* _Task to carry out_: Write out the data below exactly as given, without any of its pictures.

* _Data section_:

= Beginning of Section =

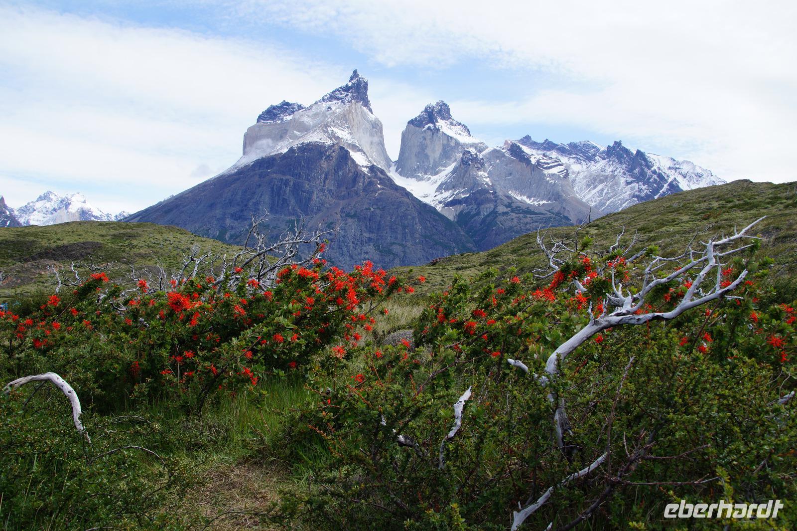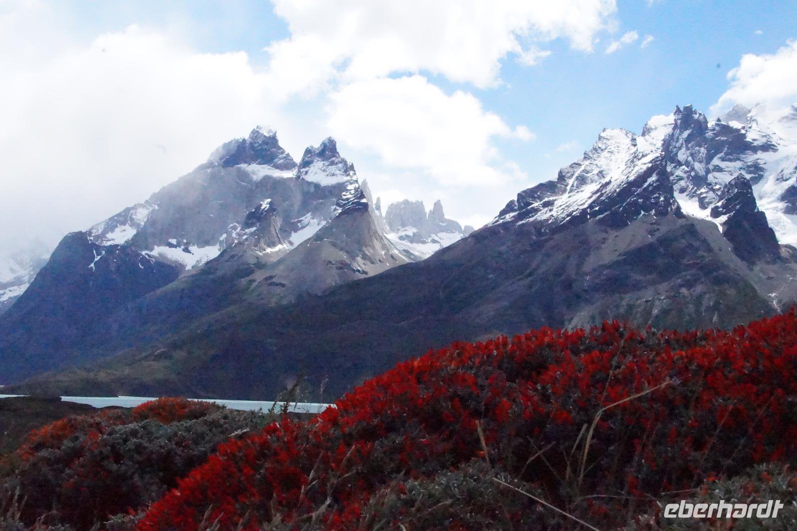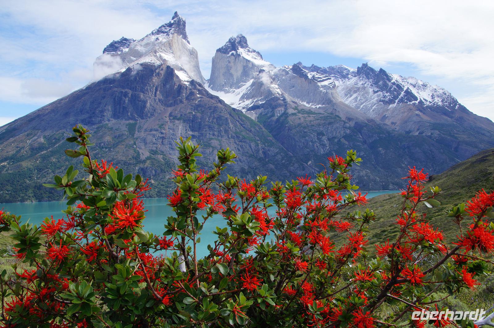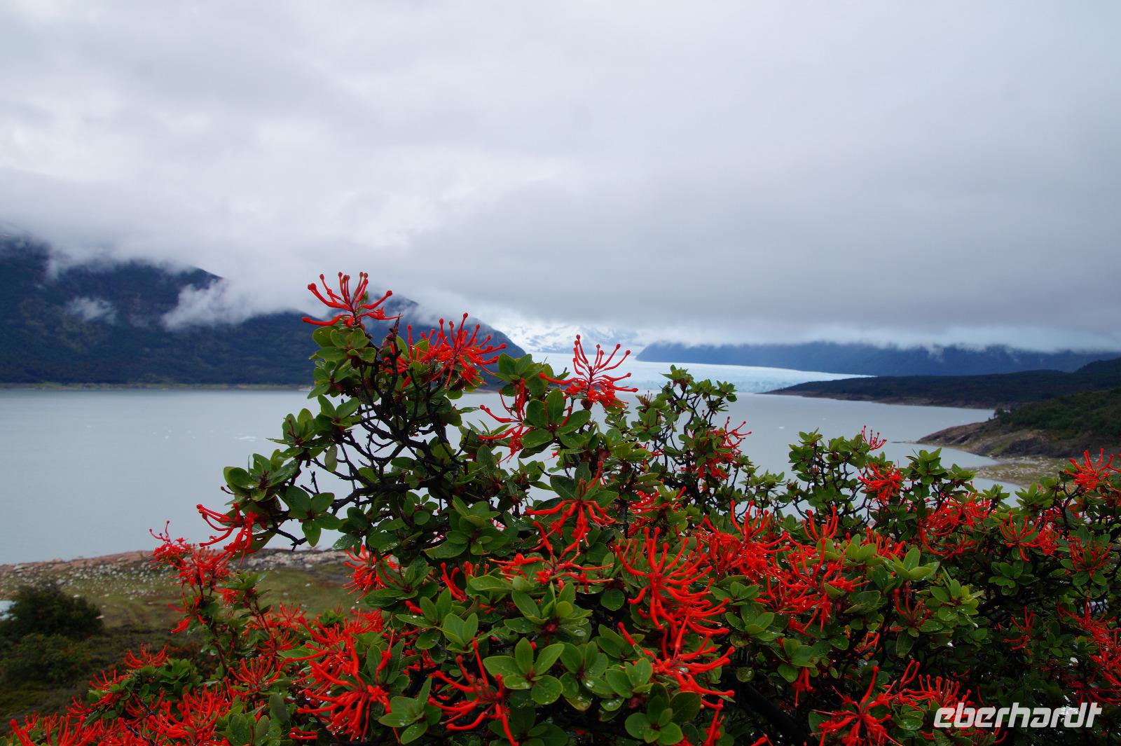 Endpunkt der Wanderung war ein Aussichtspunkt, wo rotblühender Notro (chilenischer Feuerbusch), grün-graue-Steppe, türkise Gletscherlagune und die verschiedenen Farben der Schnee-bedeckten Berge im Sonnenlicht interessante farbliche Kontraste boten.
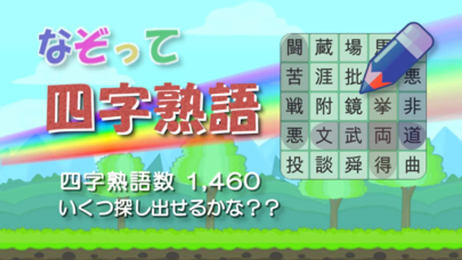 四字熟語暗記完全無料アプリ。ちりばめられた漢字の盤面から、指定された四字熟語をなぞって探し出すパズルゲーム(ワードサーチ)です。
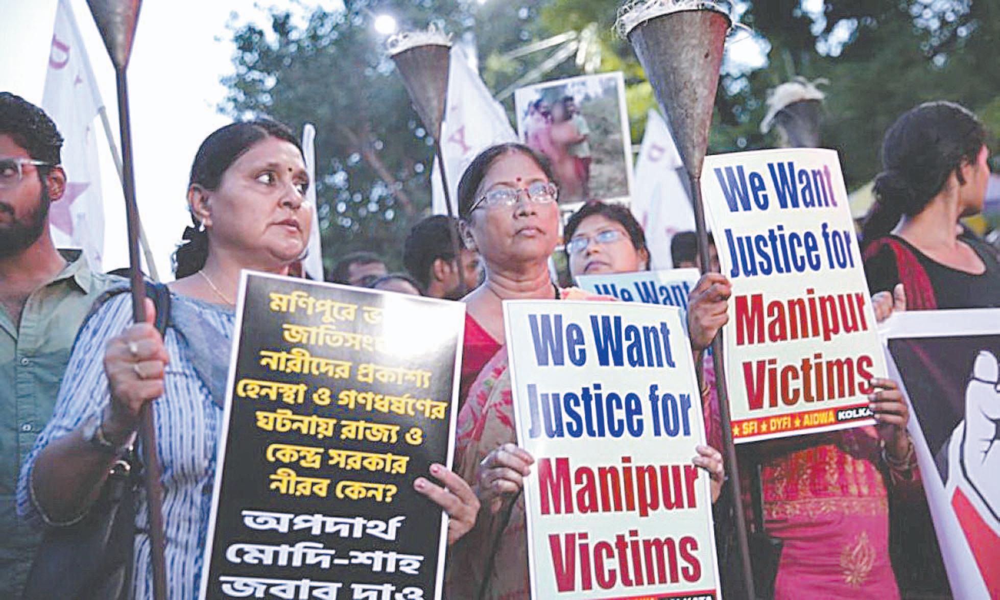 NUEVA DELHI.- Miles de personas, en su mayoría mujeres, llevaron a cabo ayer una protesta en Manipur, Estado nororiental de la India sacudido por la violencia, para exigir la detención inmediata de los implicados en las terribles agresiones colectivas a dos mujeres que fueron exhibidas desnudas. Líderes religiosos y de organizaciones de mujeres se dirigieron a cerca de 15 mil manifestantes, que también pidieron la destitución de Biren Singh, máximo cargo electo del Estado, donde han muerto más de 130 personas desde que estalló la violencia entre dos grupos étnicos dominantes a principios de mayo. La protesta se celebró en Churachandpur, ciudad situada 65 kilómetros al Sur de Imphal, la capital del Estado. Un video que muestra las agresiones a las mujeres provocó una indignación masiva y fue ampliamente compartido en las redes sociales a última hora del miércoles, a pesar de que el Internet está bloqueado en su mayor parte y los periodistas no pueden acceder al remoto Estado. Las imágenes muestran a dos mujeres desnudas rodeadas por decenas de jóvenes que les manosean los genitales y las arrastran a un campo.

= End of Section =

* _Output below_:
 Endpunkt der Wanderung war ein Aussichtspunkt, wo rotblühender Notro (chilenischer Feuerbusch), grün-graue-Steppe, türkise Gletscherlagune und die verschiedenen Farben der Schnee-bedeckten Berge im Sonnenlicht interessante farbliche Kontraste boten.
 四字熟語暗記完全無料アプリ。ちりばめられた漢字の盤面から、指定された四字熟語をなぞって探し出すパズルゲーム(ワードサーチ)です。
 NUEVA DELHI.- Miles de personas, en su mayoría mujeres, llevaron a cabo ayer una protesta en Manipur, Estado nororiental de la India sacudido por la violencia, para exigir la detención inmediata de los implicados en las terribles agresiones colectivas a dos mujeres que fueron exhibidas desnudas. Líderes religiosos y de organizaciones de mujeres se dirigieron a cerca de 15 mil manifestantes, que también pidieron la destitución de Biren Singh, máximo cargo electo del Estado, donde han muerto más de 130 personas desde que estalló la violencia entre dos grupos étnicos dominantes a principios de mayo. La protesta se celebró en Churachandpur, ciudad situada 65 kilómetros al Sur de Imphal, la capital del Estado. Un video que muestra las agresiones a las mujeres provocó una indignación masiva y fue ampliamente compartido en las redes sociales a última hora del miércoles, a pesar de que el Internet está bloqueado en su mayor parte y los periodistas no pueden acceder al remoto Estado. Las imágenes muestran a dos mujeres desnudas rodeadas por decenas de jóvenes que les manosean los genitales y las arrastran a un campo.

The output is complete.